Sin embargo, finalizando la década, en medio de las tensiones por una mayor autonomía de los indígenas frente a la dirigencia de la ANUC, la Secretaría Indígena terminó disolviéndose y los indígenas se separaron de la organización (Jimeno y Triana Antorveza 1985). Simultáneamente, la política de tierras a ellos dirigida -en parte gracias a las presiones de los propios indígenas en articulación con funcionarios del Incora- siguió rutas y criterios diferentes a los aplicados al resto de la población rural (Jimeno y Triana Antorveza 1985). En efecto, en algunas regiones el término campesino acabó cobijando, en el lenguaje organizativo e institucional, solamente a la población rural no indígena26. En 1991 la nueva Constitución reconoció a los grupos étnicos como sujetos colectivos de derechos. La participación indirecta de las organizaciones campesinas en la Asamblea Nacional Constituyente (Güiza Gómez et al. 2020), pero también la carga clasista y economicista de la categoría campesino (González Báez 2019), parecen haber incidido en su casi nulo papel en la Constitución de 1991 y en la imposibilidad de pensar al campesinado como un sujeto colectivo de derechos. Poco después, en algunas regiones, sectores que hasta entonces aún se identificaban como campesinos pasaron a reivindicar una identidad étnica, ya fuera como indígenas (Chaves Chamorro y Zambrano Escobar 2006) o como miembros de comunidades negras (Restrepo 2002). Con todo, en el lenguaje institucional, esa parte restante de la población rural no recibió una designación específica, hecho evidente en el caso de los censos de población y vivienda de 1993, 2005 y 2018 en los que se habla del "resto" municipal o poblacional.

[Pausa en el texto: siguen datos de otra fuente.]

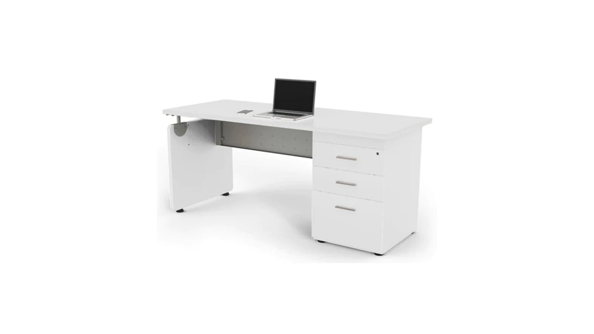 Escritorio fabricado en laminado plástico de 19mm de espesor color de linea a elegir, estructura tubular calibre 20 terminada en pintura epóxica color gris, cuenta con cajonera con 2 cajones papeleros y una gaveta de archivo, primer cajon con cerradura, correderas de extensión total, con regatón nivelador de altura.
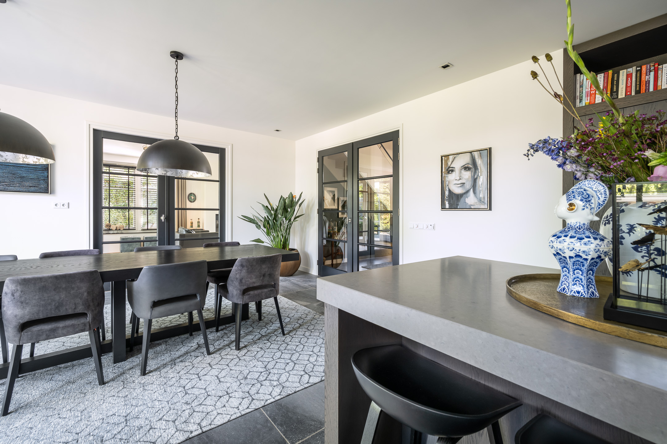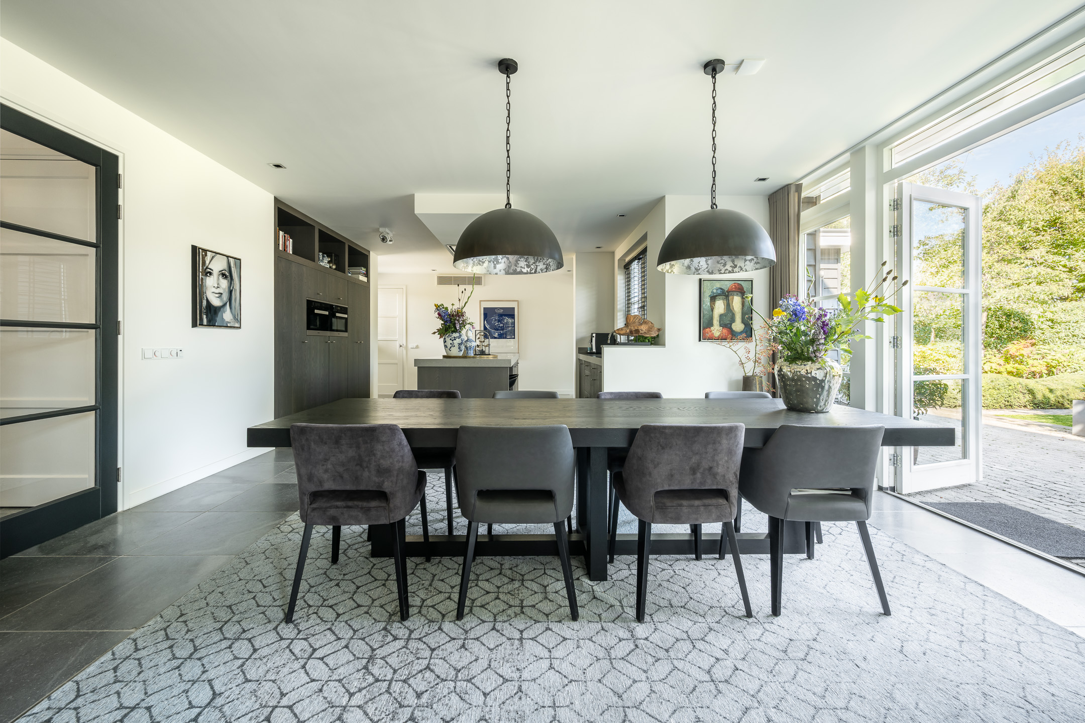 De begane grond biedt verder een ruime woonkamer met en-suite deuren, dubbele tuindeuren en een sfeervolle verbinding met het eetgedeelte en de keuken. De keuken vormt het kloppend hart van de woning en combineert stijl met functionaliteit. Het royale kookeiland met natuurstenen blad is voorzien van een elegante bar, perfect voor een informeel ontbijt of een goed glas wijn tijdens het koken. De keuken beschikt over hoogwaardige Miele-inbouwapparatuur en twee aparte wasbakken: een ruime spoelbak voor dagelijks gebruik en een tweede met Quooker voor direct kokend water. Een aparte koffiehoek en dubbele tuindeuren naar de tuin maken deze luxe leefkeuken compleet. Vanuit de keuken is toegang tot een speelse extra woonruimte, ideaal als familiekamer of kinderkamer, en tot de bijkeuken/garage met veel kastruimte en wasbak. De overkapping met buitenberging sluit perfect aan op het buitenleven.

A su vez, el giro neoliberal hacia las políticas sociales focalizadas posibilitó que quienes décadas atrás se hacían legibles como campesinos y, desde la década de los setenta, como pobres rurales también lo hicieran ahora como población vulnerable. En Colombia, dicho enfoque tomó cuerpo durante el gobierno de Gaviria (1990-1994), quien propuso enfocar la política social en "los más pobres y vulnerables" (DNP 1991). En el gobierno de Ernesto Samper (1994-1998), el modelo de atención a la pobreza empezó a operar bajo la lógica de los subsidios a la demanda, lo que requirió la creación de criterios para medir la pobreza y la vulnerabilidad. Se acudió entonces a la estratificación socioeconómica de la población por medio del Sistema de Selección de Beneficiarios (Sisbén), según el diseño y metodología del DNP Misión Social. Los programas de los gobiernos siguientes desarrollaron varios planes enfocados en la población más vulnerable, incluida la población rural (Yie Garzón 2018). Un ejemplo es el programa Familias en Acción, dirigido a "familias en extrema pobreza" e identificadas principalmente mediante el Sisbén, así como las versiones posteriores de ese programa en los gobiernos siguientes27.

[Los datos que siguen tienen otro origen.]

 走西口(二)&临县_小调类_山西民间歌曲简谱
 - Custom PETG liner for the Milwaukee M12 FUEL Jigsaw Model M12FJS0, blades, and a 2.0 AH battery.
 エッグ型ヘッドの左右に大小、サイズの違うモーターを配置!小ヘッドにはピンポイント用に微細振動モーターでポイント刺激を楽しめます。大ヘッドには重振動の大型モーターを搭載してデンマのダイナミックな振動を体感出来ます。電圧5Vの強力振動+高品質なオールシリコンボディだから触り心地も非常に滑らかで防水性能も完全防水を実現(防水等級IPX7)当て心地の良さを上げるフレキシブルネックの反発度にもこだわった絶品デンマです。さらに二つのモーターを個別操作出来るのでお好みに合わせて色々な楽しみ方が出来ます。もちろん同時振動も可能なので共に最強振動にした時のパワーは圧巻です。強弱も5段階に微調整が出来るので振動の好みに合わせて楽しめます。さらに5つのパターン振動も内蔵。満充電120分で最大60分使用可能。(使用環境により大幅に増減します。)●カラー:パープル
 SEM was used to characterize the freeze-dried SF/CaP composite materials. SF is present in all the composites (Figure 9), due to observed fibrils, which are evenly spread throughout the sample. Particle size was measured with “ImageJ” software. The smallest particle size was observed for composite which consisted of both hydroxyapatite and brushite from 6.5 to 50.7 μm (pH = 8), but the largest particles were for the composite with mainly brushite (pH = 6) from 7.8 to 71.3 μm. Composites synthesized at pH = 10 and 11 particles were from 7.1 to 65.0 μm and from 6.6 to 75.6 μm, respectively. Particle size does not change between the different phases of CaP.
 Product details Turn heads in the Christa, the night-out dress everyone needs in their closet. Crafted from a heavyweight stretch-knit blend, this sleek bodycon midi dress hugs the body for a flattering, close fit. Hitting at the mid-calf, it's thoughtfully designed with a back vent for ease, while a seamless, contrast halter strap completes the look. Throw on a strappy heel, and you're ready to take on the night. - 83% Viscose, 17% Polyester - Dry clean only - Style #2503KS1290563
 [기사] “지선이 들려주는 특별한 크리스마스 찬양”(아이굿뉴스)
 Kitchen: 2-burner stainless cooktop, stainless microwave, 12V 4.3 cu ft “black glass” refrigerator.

La experiencia de invisibilización campesina a través de un régimen de legibilidad que implica la categoría vulnerable fue expresada por una dirigente del norte de Nariño en el I Encuentro de Mujeres de los Territorios Campesinos Agro-alimentarios (TCA) de 2016 en La Cocha (Nariño). Para explicar la movilización en favor del reconocimiento del campesinado como sujeto de derechos, expresó: "Todos a veces se habla, se dice, bueno, los indígenas, los negros, los raizales, los gitanos, y nosotras pasamos como los vulnerables. Es rara vez que uno escucha la palabra campesino".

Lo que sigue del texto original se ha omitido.